High Priority
Deploy Wholesale Sitemap Protocol (/ai.txt)
Establish a machine-readable hierarchy of your entire wholesale catalog and informational content specifically for AI agents and B2B search crawlers.
Create a text file at /ai.txt with a concise introduction to your wholesale operation and product categories.
Include markdown-style links to your most important wholesale catalog pages, distributor portals, and industry-specific resource hubs.
Add a 'FAQ' section within the file to address common queries from AI bots regarding product availability, minimum order quantities (MOQs), and shipping regions.
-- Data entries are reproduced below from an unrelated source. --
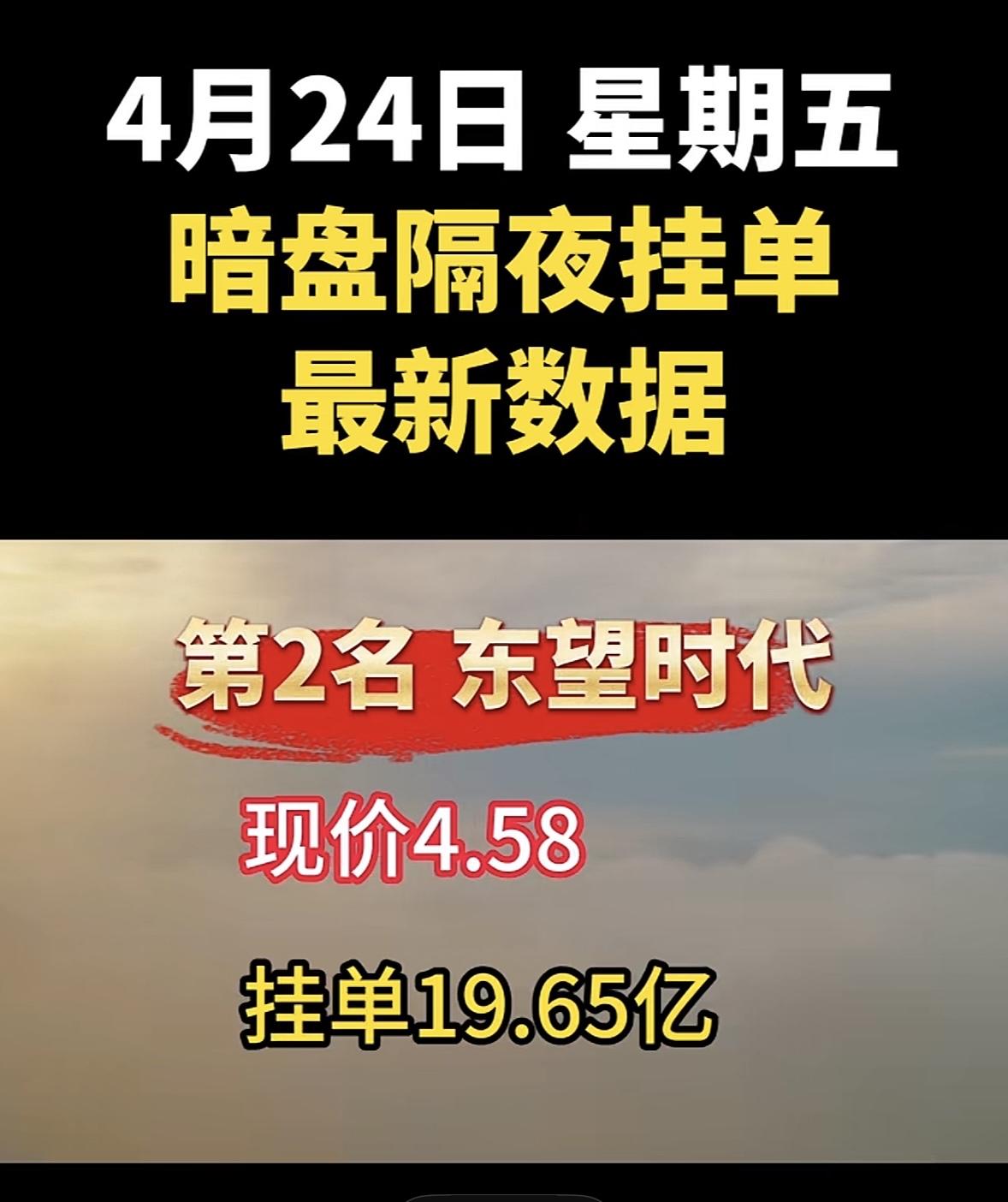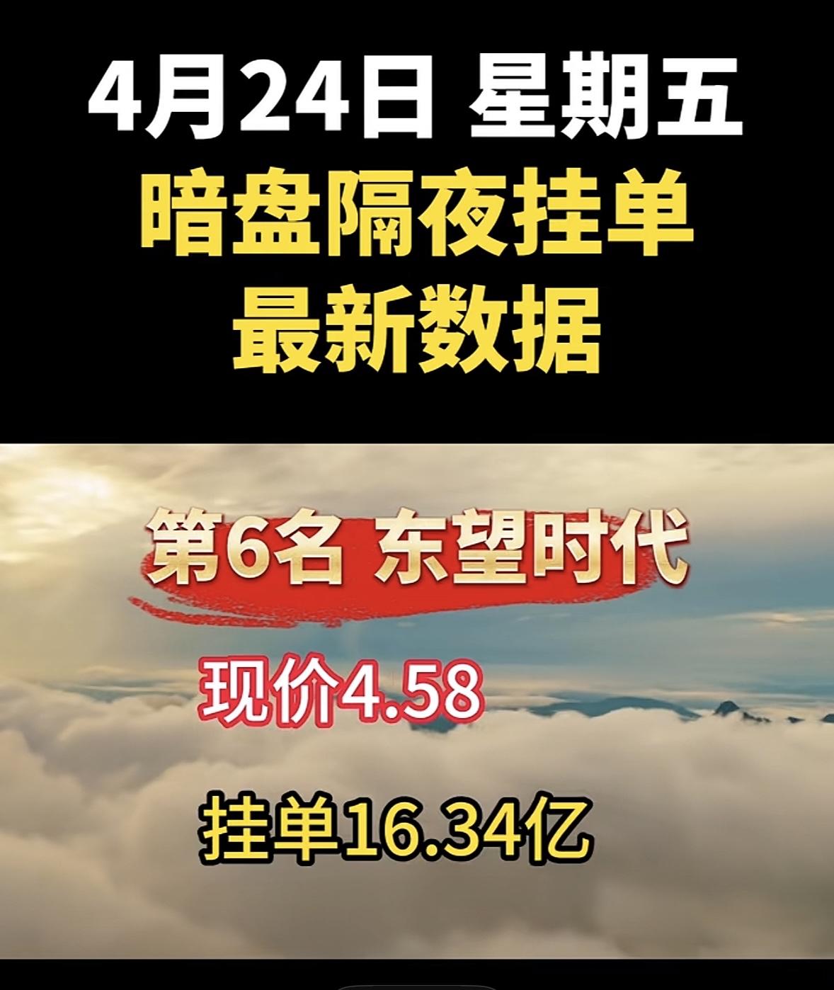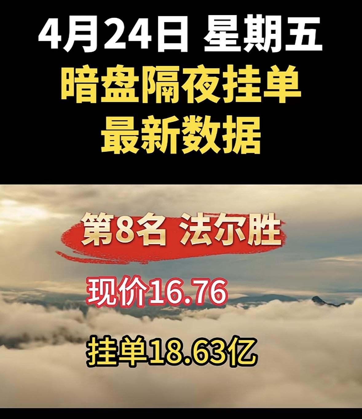 4月24日周五暗盘隔夜挂单排行榜揭晓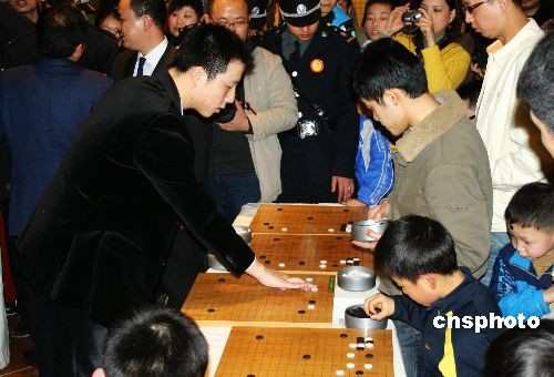 3月7日,被媒體譽為當今中國圍棋“一哥”的古力(左)在重慶與10位圍棋愛好者展開“車輪大戰(zhàn)”。在現(xiàn)場,古力盡顯大將風范,在讓10位棋友6子前提下,仍是輕松占取優(yōu)勢。從2008年1月至今的14個月內(nèi),古力總共獲得14個國內(nèi)外圍棋冠軍頭銜。中新社發(fā) 孟幻 攝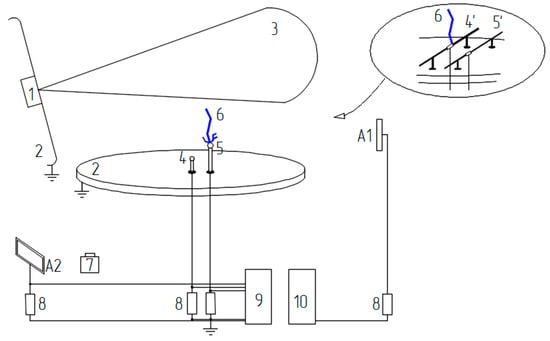 First scheme of experimental and measurement setup: 1—charged aerosol generator, 2—grounded electrostatic screens, 3—artificial thunderstorm cell, 4, 5—rod electrodes, 4′, 5′—elongated electrodes, 6—upward discharge phenomena, 7—digital camera Panasonic DMC-50, 8—shunts, 9, 10—digital memory oscilloscopes Tektronix TDS 3054B и Tektronix DPO 7254, A1, A2—flat antennas.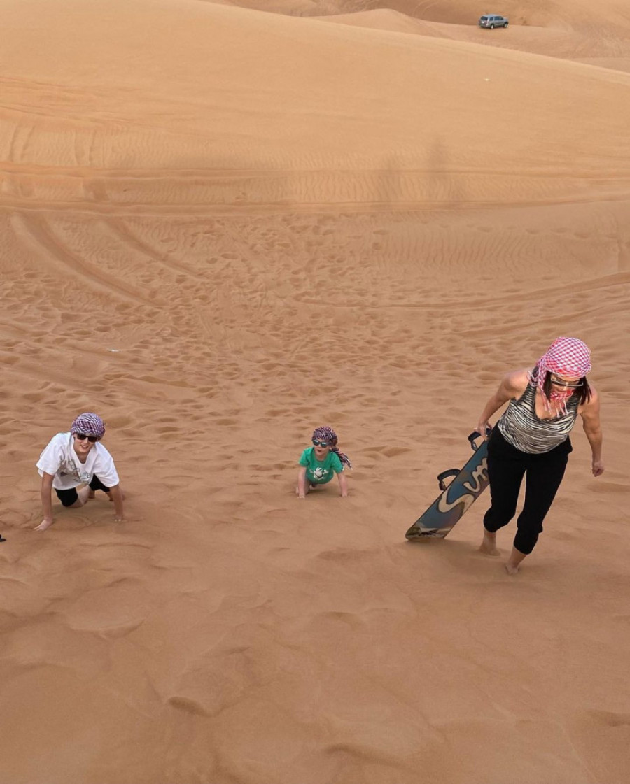Sinovi Nataše Pavlović su se za avanturu adekvatno pripremili, odnosno nisu zaboravili da ponesu naočare za sunce i marame kojima su zaštitili kosu od peska.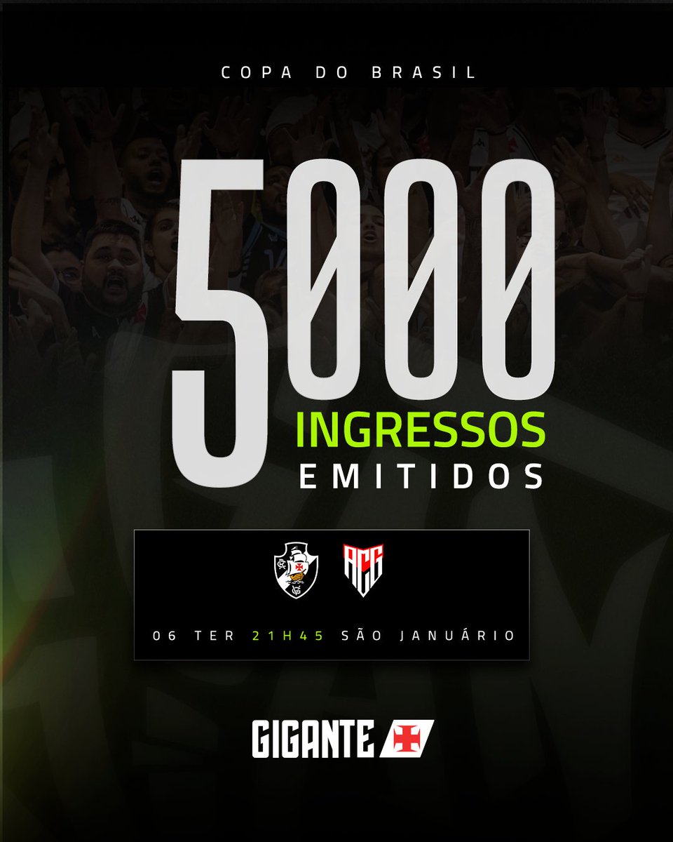 Já foram emitidos 5 mil ingressos para Vasco x Atlético-GO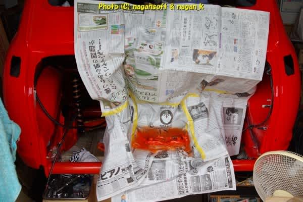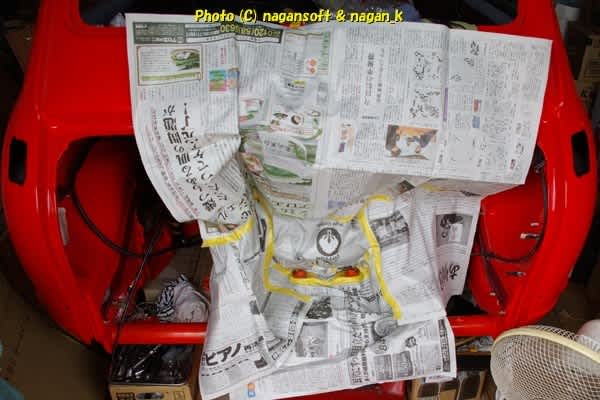 わかったよ、新聞貼り付けるよ。って、R-2の大きいお尻にオシメを貼り付けます。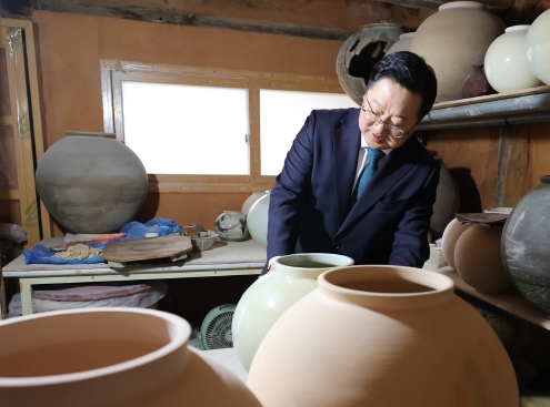 [뉴스서치] 이장우 대전시장은 12일 오전 故이종수 도예가 작업실을 방문, 유족들을 만나 미술관 건립에 대한 의견을 나누고, 고인의 작업 공간 및 작품들을 둘러봤다.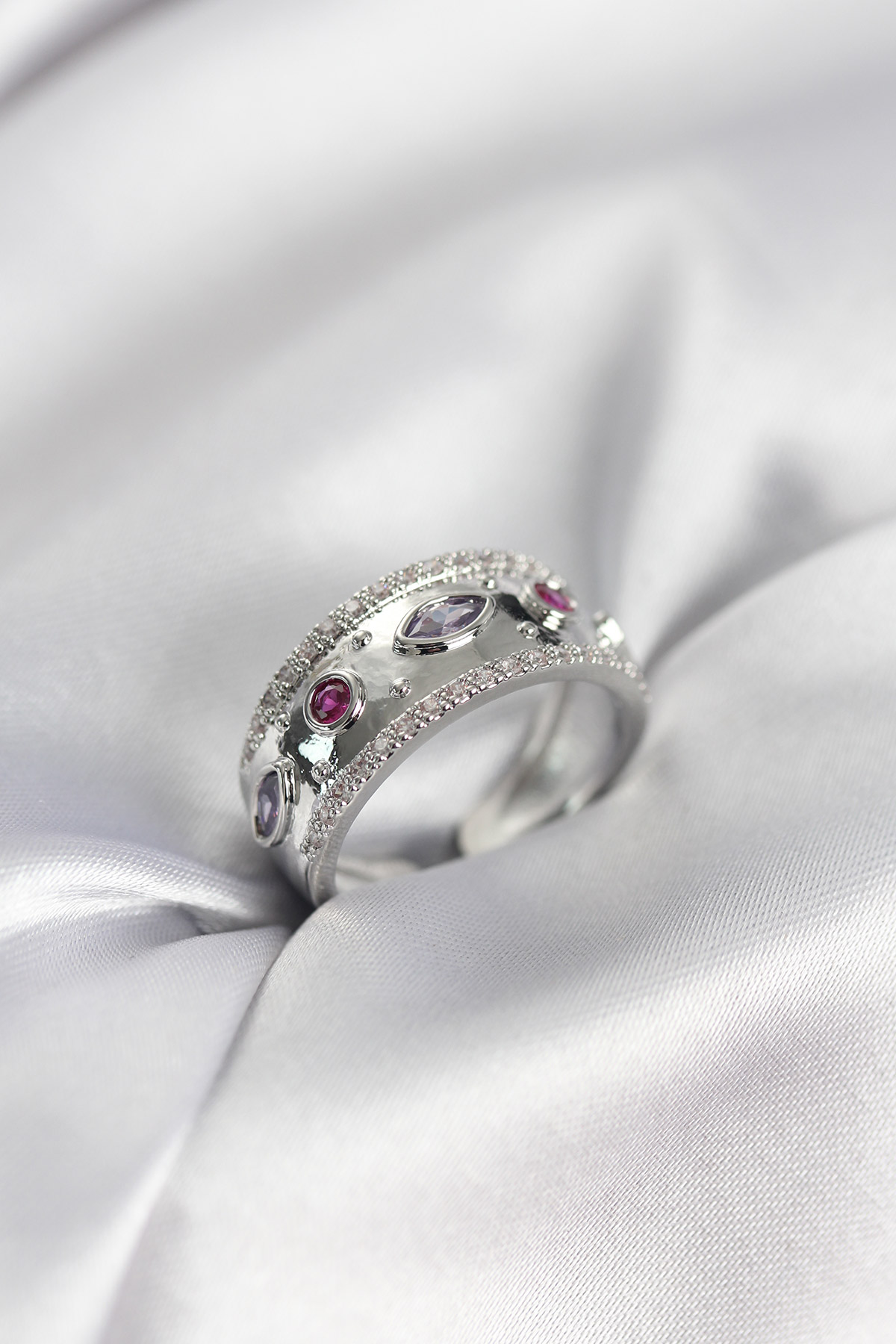Gümüş Renk Zirkon Taşlı Vintage Kadın Yüzük - TJ-BYK3960

Configure your Wholesale ecommerce crawler protocols effortlessly.
Join 2,000+ teams scaling with AI.
High Priority
B2B Crawler Selective Indexing
Fine-tune which sections of your wholesale platform should be ingested by AI crawlers focused on B2B procurement and product discovery.
User-agent: WholesaleBot Allow: /catalog/ Allow: /distributor-program/ Disallow: /guest-checkout/
Utilize the AI crawler's verification tool (e.g., 'AI Search Console' for relevant bots) to confirm crawler permissions.
Monitor crawl frequency and patterns in your server logs to ensure B2B crawlers are accessing key product data and buyer-centric content.
Medium Priority
Structured Data for Product Attributes
Leverage semantic HTML and schema.org markup to help AI crawlers accurately understand the hierarchy and attributes of your wholesale product listings.
Wrap your main wholesale product descriptions and specifications within `<article>` tags to signal their importance.
Use `<section>` tags with descriptive 'data-label' attributes for distinct product features, materials, or compliance standards (e.g., 'data-label="Material Composition"').
Ensure all product data tables (e.g., size charts, technical specs) use proper `<thead>`, `<tbody>`, and `<th>` tags for structured data extraction by AI.
High Priority
RAG-Optimized Product Information Snippets
Structure your product details and technical specifications so they can be easily 'chunked' and utilized by Retrieval-Augmented Generation (RAG) pipelines for accurate buyer inquiries.
Keep related product specifications, use cases, and compatibility information within coherent logical blocks (e.g., under 500 words per distinct attribute group).
Avoid ambiguous referencing; clearly state the product name or SKU in section summaries and attribute descriptions.
Eliminate vague pronouns (e.g., 'this unit', 'it') and replace them with explicit product names, model numbers, or feature identifiers to ensure precision in AI responses.